=== Data in this exercise ===

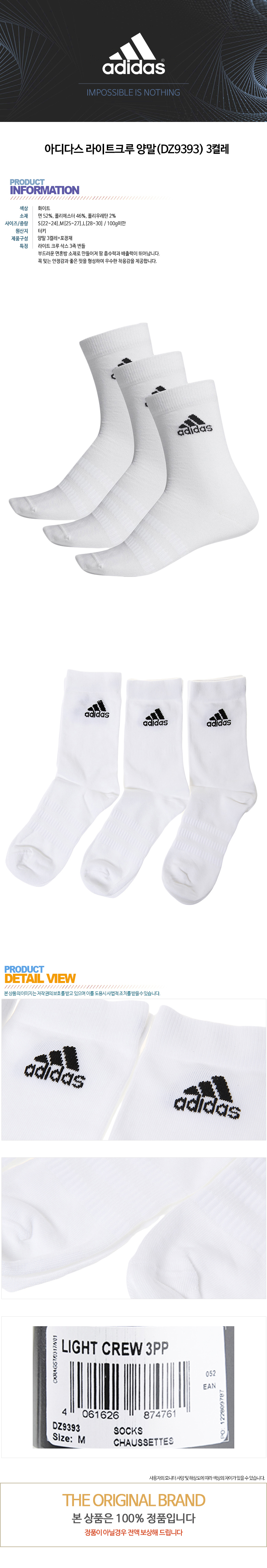 아디다스 라이트크루 양말(DZ9393) 3켤레
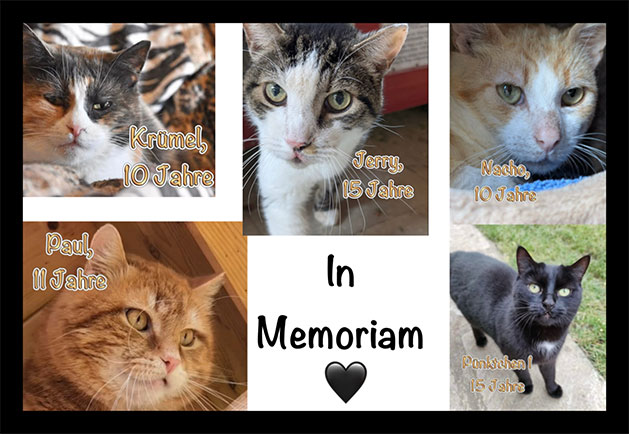 Leider ist in einem Gnadenhof der Tod ein ständiger Begleiter. Zu oft kommen Miezen zu uns, die in ihrem Vorleben bereits gesundheitliche Schäden erlitten haben wie Kater Nacho. Aber es gibt Gottseidank auch Katzen wie Pünktchen, die praktisch ihr gesamtes fünfzehnjähriges Leben bei uns verbringen durfte.
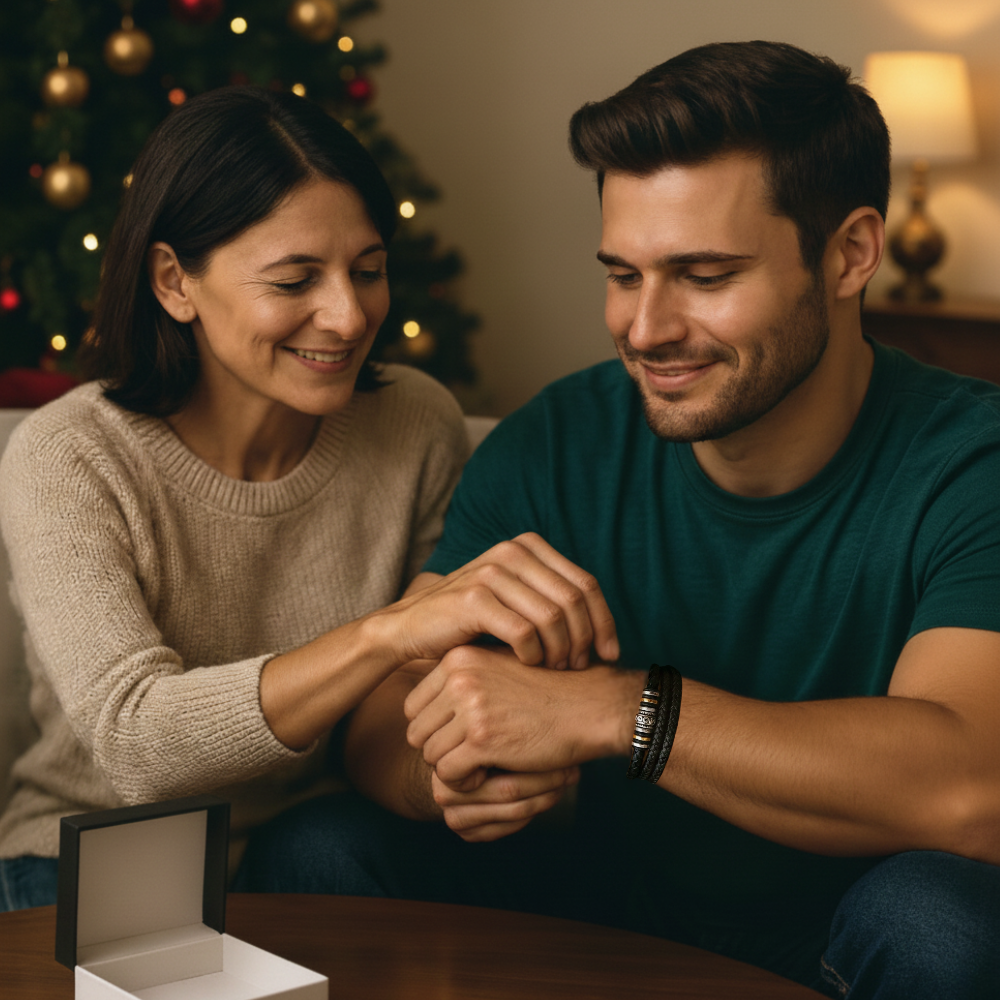 I gave this to my son for his 18th birthday, and he hasn’t taken it off since. It’s masculine and stylish without being flashy — perfect for everyday wear. The leather feels thick and durable, and the magnetic clasp is strong and easy to use. The message card made it extra special.
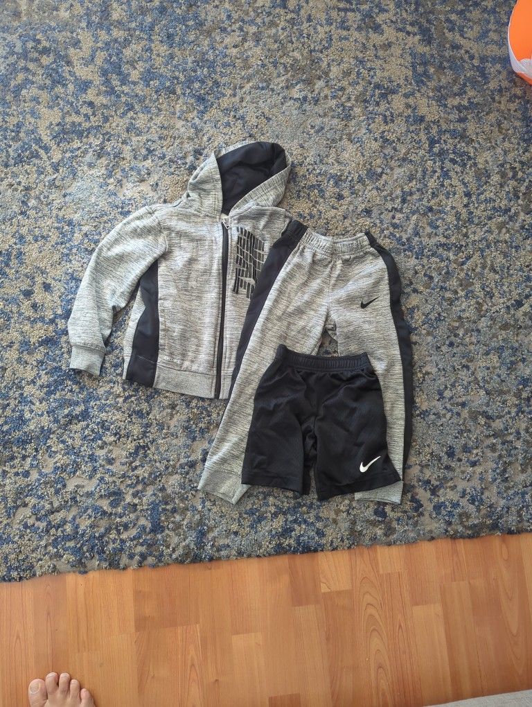 Gently used boys sweat suit and shorts size medium/ 6 grey black
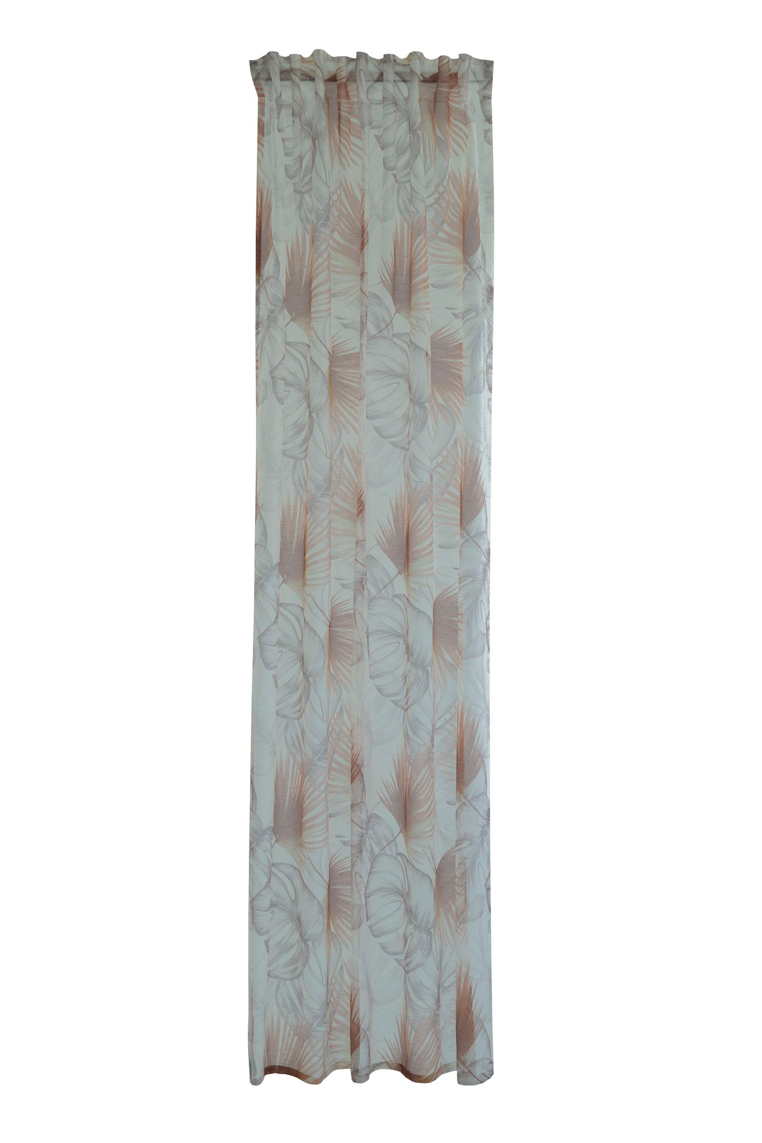Über den transparenten Fertigschal „Adeon“ von HOMING erstrecken sich dekorative großflächige Palmenblätter, die uns von entspannten Sommertagen träumen lassen. Die verdeckte Schlaufe wirkt unaufdringlich und dezent und lässt sich ideal mit Flächenvorhängen oder weiteren Dekostoffen und Plissees kombinieren.
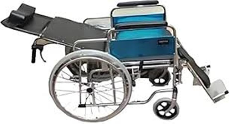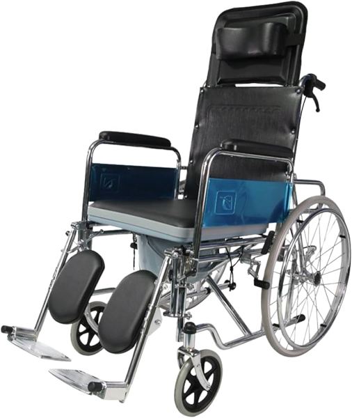 Karma reclining commode Wheelchair rainbow 8 is ideally designed for the elders and the patients having limited mobility. Has 8″ PVC Caster front wheels, and 24″ Solid rear wheels.
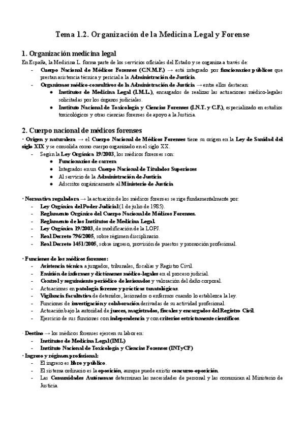 He publicado nuevos apuntes de 2º MEDICINA LEGAL Y CIENCIAS FORENSES: T1.2-Organizacion-de-la-Medicina-Legal-en-Espana.pdf
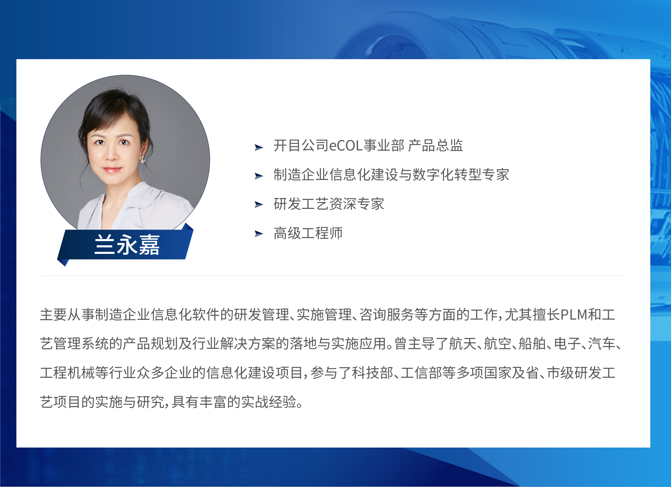 本期研討會(huì)特邀開(kāi)目公司eCOL事業(yè)部產(chǎn)品總監(jiān)蘭永嘉女士、東風(fēng)德納車橋有限公司制造信息化專家趙中軍先生、高德紅外工藝信息化專家施群先生做客開(kāi)目線上直播間,專家將全程在線答疑,與來(lái)賓深入探討開(kāi)目“研發(fā)工藝協(xié)同”的優(yōu)勢(shì)特點(diǎn)與實(shí)際落地應(yīng)用。
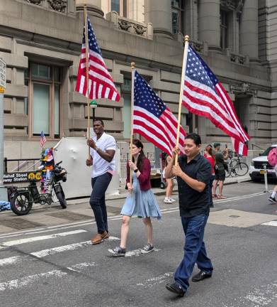 Hundreds of ardent patriots gathered in Battery Park on morning of July 4 to participate in the Lower Manhattan Historical Association’s ninth annual Independence Day Parade.
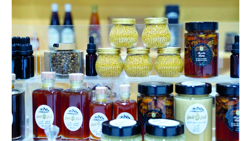القرية تضم 15 جناحاً لعرض أنواع العسل ومشتقاته. الإمارات اليوم
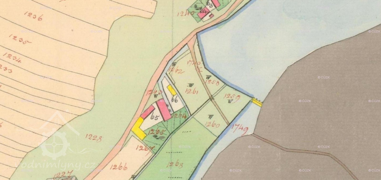 PopisV roce 1930 pohání mlýn a pilu dvě kola na svrchní vodu s průtokem 0.108 a 0.167 m3/s, spádem 4.72 m o výkonu 11.25 HP.
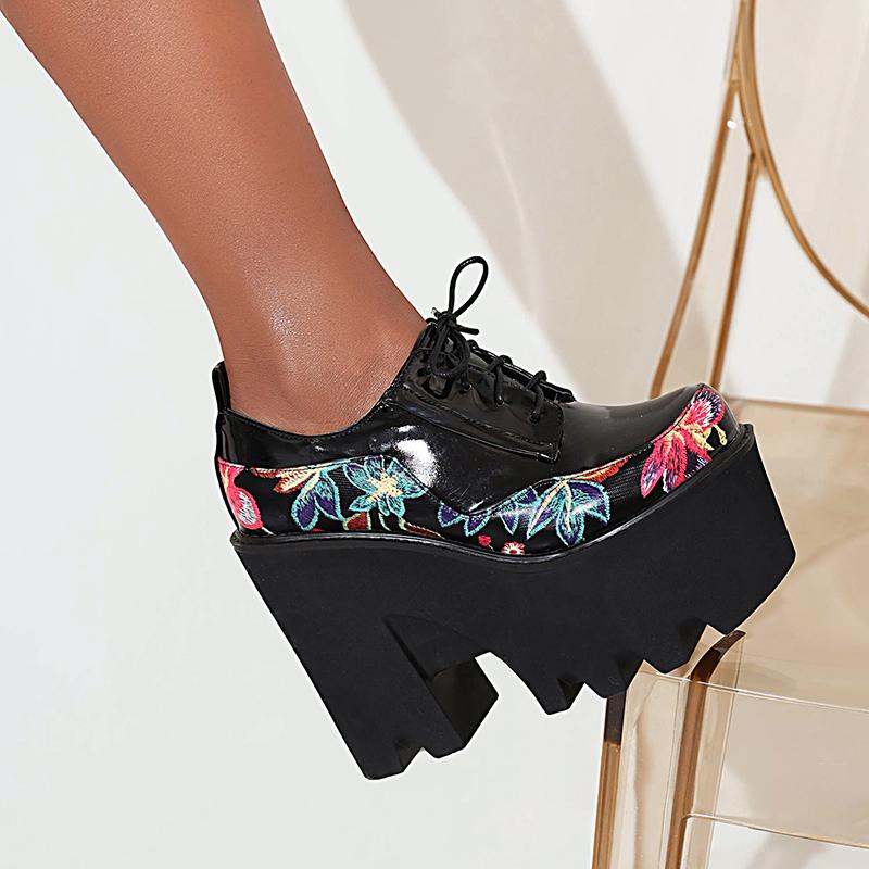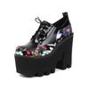 Ultra High Waterproof Platform Wedge Heel Raised Breathable Pumps Embroidered Floral Punk Style Lace Up Polyurethane Sole Pumps

===

Exercise instructions
Exclude all images and return the listing word for word.

Written solution
 아디다스 라이트크루 양말(DZ9393) 3켤레
 Leider ist in einem Gnadenhof der Tod ein ständiger Begleiter. Zu oft kommen Miezen zu uns, die in ihrem Vorleben bereits gesundheitliche Schäden erlitten haben wie Kater Nacho. Aber es gibt Gottseidank auch Katzen wie Pünktchen, die praktisch ihr gesamtes fünfzehnjähriges Leben bei uns verbringen durfte.
 I gave this to my son for his 18th birthday, and he hasn’t taken it off since. It’s masculine and stylish without being flashy — perfect for everyday wear. The leather feels thick and durable, and the magnetic clasp is strong and easy to use. The message card made it extra special.
 Gently used boys sweat suit and shorts size medium/ 6 grey black
Über den transparenten Fertigschal „Adeon“ von HOMING erstrecken sich dekorative großflächige Palmenblätter, die uns von entspannten Sommertagen träumen lassen. Die verdeckte Schlaufe wirkt unaufdringlich und dezent und lässt sich ideal mit Flächenvorhängen oder weiteren Dekostoffen und Plissees kombinieren.
 Karma reclining commode Wheelchair rainbow 8 is ideally designed for the elders and the patients having limited mobility. Has 8″ PVC Caster front wheels, and 24″ Solid rear wheels.
 He publicado nuevos apuntes de 2º MEDICINA LEGAL Y CIENCIAS FORENSES: T1.2-Organizacion-de-la-Medicina-Legal-en-Espana.pdf
 本期研討會(huì)特邀開(kāi)目公司eCOL事業(yè)部產(chǎn)品總監(jiān)蘭永嘉女士、東風(fēng)德納車橋有限公司制造信息化專家趙中軍先生、高德紅外工藝信息化專家施群先生做客開(kāi)目線上直播間,專家將全程在線答疑,與來(lái)賓深入探討開(kāi)目“研發(fā)工藝協(xié)同”的優(yōu)勢(shì)特點(diǎn)與實(shí)際落地應(yīng)用。
 Hundreds of ardent patriots gathered in Battery Park on morning of July 4 to participate in the Lower Manhattan Historical Association’s ninth annual Independence Day Parade.
القرية تضم 15 جناحاً لعرض أنواع العسل ومشتقاته. الإمارات اليوم
 PopisV roce 1930 pohání mlýn a pilu dvě kola na svrchní vodu s průtokem 0.108 a 0.167 m3/s, spádem 4.72 m o výkonu 11.25 HP.
 Ultra High Waterproof Platform Wedge Heel Raised Breathable Pumps Embroidered Floral Punk Style Lace Up Polyurethane Sole Pumps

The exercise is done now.